[Opening Supplied data section]

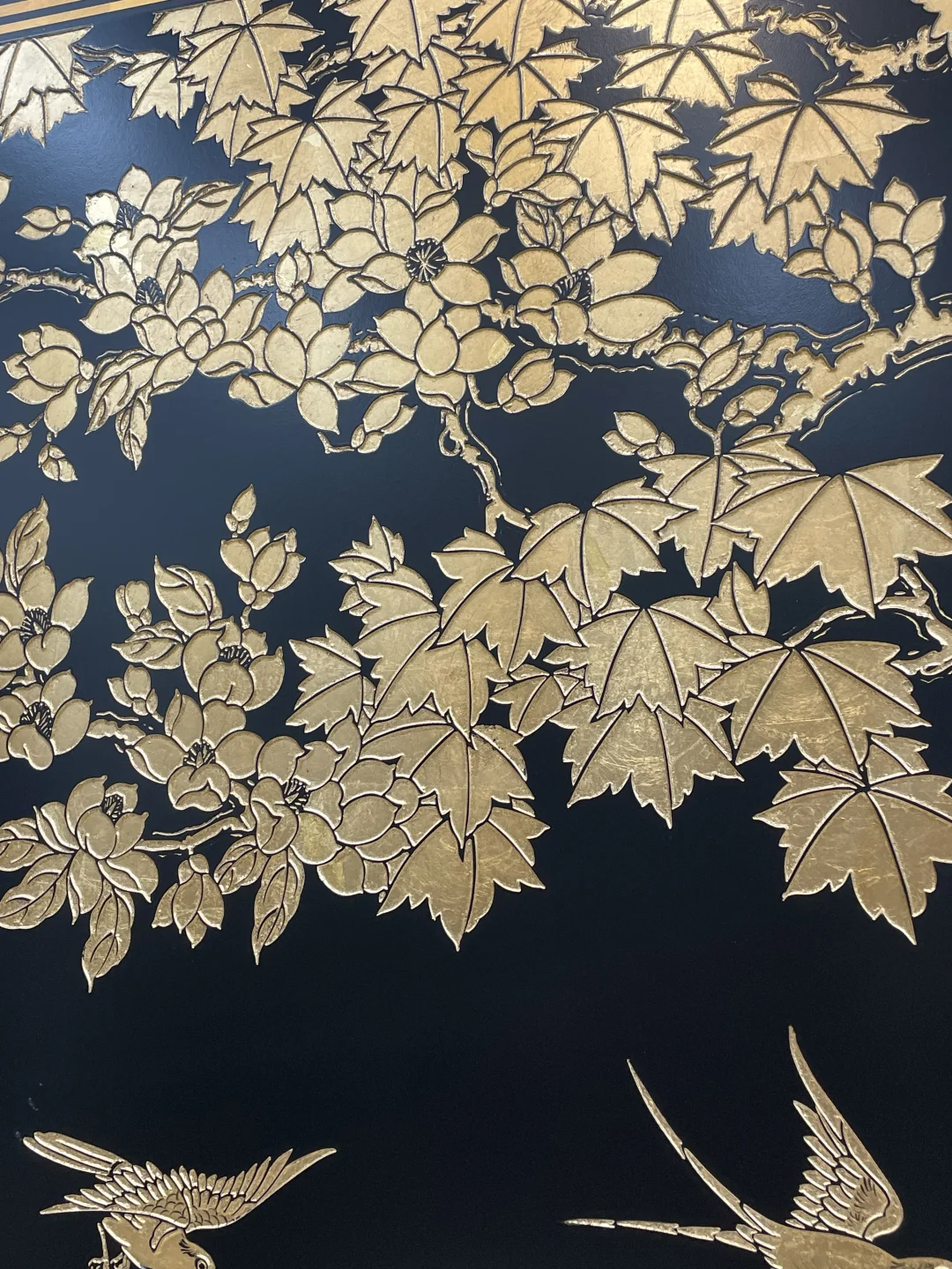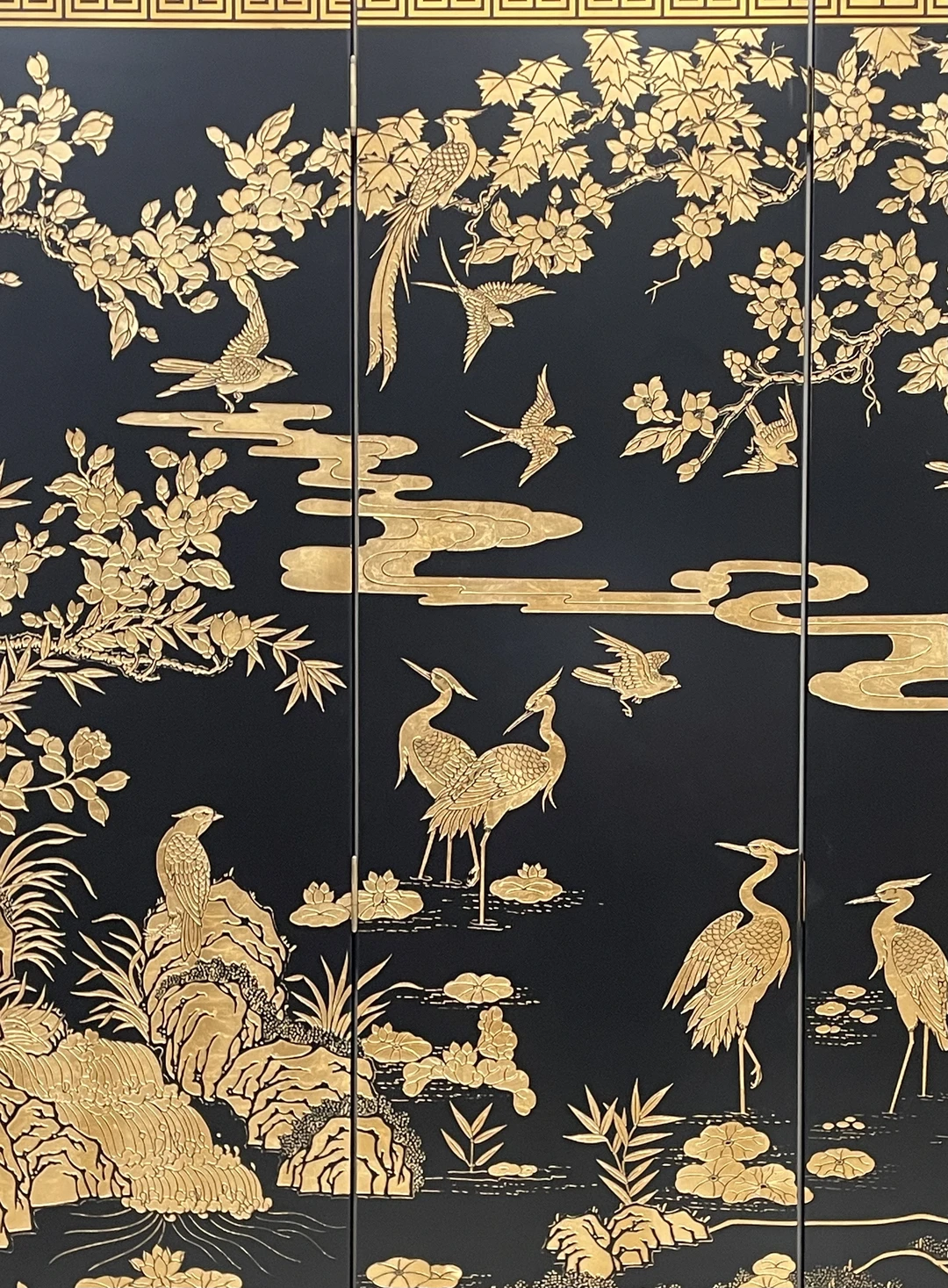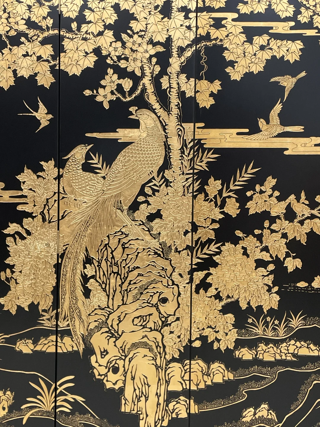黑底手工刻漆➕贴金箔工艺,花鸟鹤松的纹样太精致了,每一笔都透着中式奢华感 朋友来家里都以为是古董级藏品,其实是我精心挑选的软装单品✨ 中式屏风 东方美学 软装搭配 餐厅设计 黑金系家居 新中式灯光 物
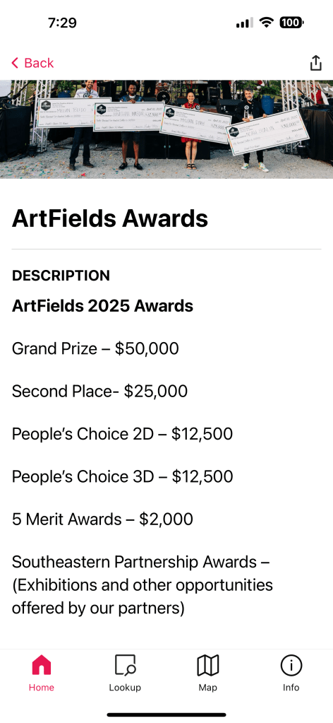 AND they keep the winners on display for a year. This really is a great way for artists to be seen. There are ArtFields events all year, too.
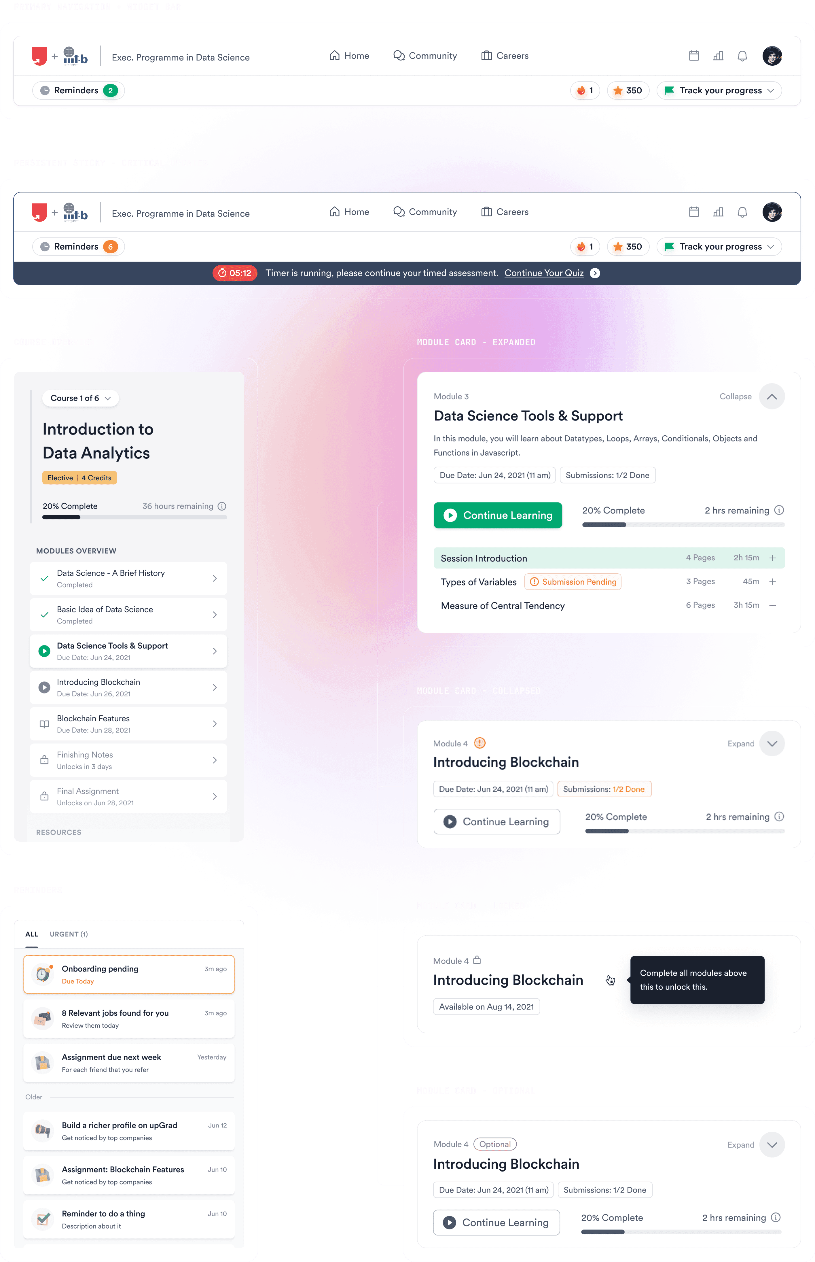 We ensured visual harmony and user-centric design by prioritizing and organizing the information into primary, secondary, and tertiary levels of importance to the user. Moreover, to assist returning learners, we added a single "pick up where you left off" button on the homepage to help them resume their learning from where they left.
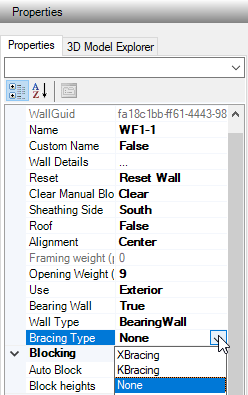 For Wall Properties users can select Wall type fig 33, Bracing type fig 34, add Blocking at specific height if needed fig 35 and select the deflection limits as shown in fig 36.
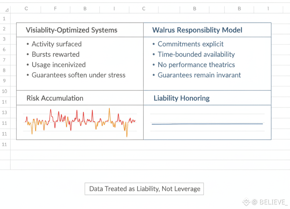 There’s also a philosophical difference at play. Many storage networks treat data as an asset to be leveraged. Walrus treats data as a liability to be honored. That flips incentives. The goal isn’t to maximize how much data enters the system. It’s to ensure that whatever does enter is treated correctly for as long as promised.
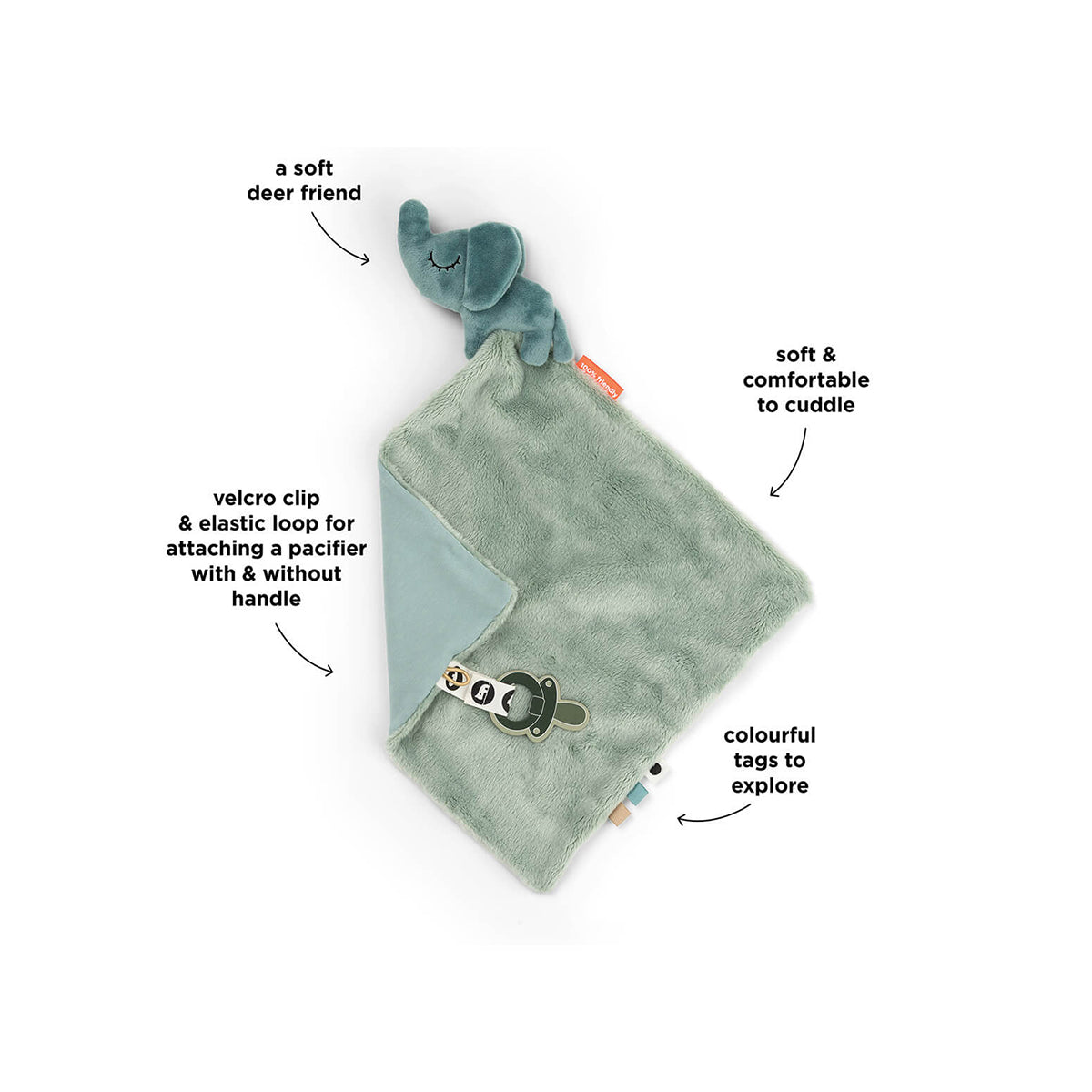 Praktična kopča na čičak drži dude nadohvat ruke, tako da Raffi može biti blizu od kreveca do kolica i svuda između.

[Closing Supplied data section]

#### [What this task involves]
Make an exact copy of every entry above, but keep the pictures out of it.

#### [Response]
黑底手工刻漆➕贴金箔工艺,花鸟鹤松的纹样太精致了,每一笔都透着中式奢华感 朋友来家里都以为是古董级藏品,其实是我精心挑选的软装单品✨ 中式屏风 东方美学 软装搭配 餐厅设计 黑金系家居 新中式灯光 物
 AND they keep the winners on display for a year. This really is a great way for artists to be seen. There are ArtFields events all year, too.
 We ensured visual harmony and user-centric design by prioritizing and organizing the information into primary, secondary, and tertiary levels of importance to the user. Moreover, to assist returning learners, we added a single "pick up where you left off" button on the homepage to help them resume their learning from where they left.
 For Wall Properties users can select Wall type fig 33, Bracing type fig 34, add Blocking at specific height if needed fig 35 and select the deflection limits as shown in fig 36.
 There’s also a philosophical difference at play. Many storage networks treat data as an asset to be leveraged. Walrus treats data as a liability to be honored. That flips incentives. The goal isn’t to maximize how much data enters the system. It’s to ensure that whatever does enter is treated correctly for as long as promised.
 Praktična kopča na čičak drži dude nadohvat ruke, tako da Raffi može biti blizu od kreveca do kolica i svuda između.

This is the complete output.